Tempo de ser criança.
Estava no salão, numa terça-feira, fazendo as unhas, quando olhei para o lado e vi uma garotinha igualmente fazendo suas unhas. Olhamo-nos, com uma cumplicidade feminina e fui logo perguntando, entre risos: “O que uma criança como você esta fazendo aqui, na manicure?” De forma absolutamente desembaraçada, ela me explicou: “É que no domingo eu fui ao sítio do meu tio e lá eu fiquei cavando na horta, ajudando meu tio a plantar e a colher verduras e minha mão ficou um horror de suja e as unhas então, nem vou falar!” Entre risos, olhou para a manicure e para mim na busca de compreensão. Assustada, perguntei quantos anos ela tinha, se ela estava acostumada a fazer as unhas e se ela tinha gostado de plantar e colher com o tio. Ela me respondeu: “Tenho 9 anos, faço as unhas todas as sextas e AAAAdorei plantar e colher! Mas estraguei as unhas que eu tinha feito na sexta! A mãe ficou louca e com razão, né?”
Em meio a isso, a mãe da menina aproximou-se e foi sentenciando: “Se estragar de novo, vai ter comigo!” Ela olhou pra nós e riu de forma marota. Perguntei para as manicures se muitas crianças pintavam as unhas e elas afirmaram que sim, que pintam os cabelos, que fazem alisamentos, escovas progressivas etc.

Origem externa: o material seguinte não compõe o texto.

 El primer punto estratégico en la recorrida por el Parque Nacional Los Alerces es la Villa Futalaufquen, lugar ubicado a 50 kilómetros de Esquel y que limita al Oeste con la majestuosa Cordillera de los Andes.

Fiquei pensando nas aprendizagens daquela menina que acredita ter errado ao colocar suas mãos na terra, e ao mesmo tempo no prazer que esse “erro” trouxe a ela. Pensei também no conceito que a mãe daquela garotinha tem de criança e de infância e, por fim, o que eu poderia fazer para ajudar.

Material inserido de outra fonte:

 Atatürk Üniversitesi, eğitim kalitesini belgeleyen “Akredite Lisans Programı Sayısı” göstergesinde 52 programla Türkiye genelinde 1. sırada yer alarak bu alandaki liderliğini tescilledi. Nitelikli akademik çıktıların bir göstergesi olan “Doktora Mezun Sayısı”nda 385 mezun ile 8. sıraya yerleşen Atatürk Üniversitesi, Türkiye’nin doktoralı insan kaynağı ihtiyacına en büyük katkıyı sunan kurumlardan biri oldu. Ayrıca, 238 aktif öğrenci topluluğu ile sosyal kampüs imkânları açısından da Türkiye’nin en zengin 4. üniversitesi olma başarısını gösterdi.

Movida pelo desejo educativo, perguntei, tentando provocar reflexões, por que era errado uma menina de 9 anos brincar na terra, ajudar o tio, enfim, se divertir de forma diferente do seu cotidiano. Ela afirmou que não era errado brincar, a mãe deixa brincar… o que não pode é sujar ou estragar as unhas. Continuei perguntando de que ela brincava para não se sujar e ela me contou que via televisão, que fazia álbuns, que conversava no MSN, que ia ao shopping.
Calei-me.
Uma tristeza profunda me invadiu ao assistir o ritual de encerramento do trabalho da manicure com aquela menina.
Fiquei pensando na importância das brincadeiras, dos jogos de regras, das corridas, de andar de bicicleta, de passear com amigas em parques, sem desprezar os cinemas, os programas de TV. Lembrei das atividades lúdicas e em grupo que tantas coisas ensinam e ao mesmo tempo divertem.
Pensei nas crianças que deixam de ser crianças antes do seu tempo maturacional e lembrei-me do Rousseau, em Emile, que muito tempo atrás escreveu que “a infância tem sua própria maneira de ver, de pensar e de sentir e nada é mais tolo do que tentar substituir a nossa maneira pela dela.”
Pensei ainda nas crianças que vão para a escola num período e tem de fazer as lições no contra turno e ainda vão pro balé, pra aula de natação, de computação, de Inglês, na psicóloga, na psicopedagoga, na aula particular Ufa!!! Ou ainda, aquelas que têm de cuidar do irmãozinho, arrumar a casa, fazer o almoço, vender coisas no sinaleiro…
Para completar o meu devaneio, e como se não bastasse, ainda ouvi a manicure perguntar: “Hoje você não vai fazer o pé?” A criança, com a mesma desenvoltura, respondeu: “Não, o pé eu não sujei! Eu estava de tênis. Faço na semana que vem!”
Quando essa menina poderá viver o seu tempo infantil?
Crescer e amadurecer é tarefa complexa e pode tornar-se ainda mais se os Pais e Educadores não apoiarem as crianças, dando-lhes o tempo necessário para serem crianças.
Por que nossas crianças precisam amadurecer antes do tempo?!
A pressa é pra quê?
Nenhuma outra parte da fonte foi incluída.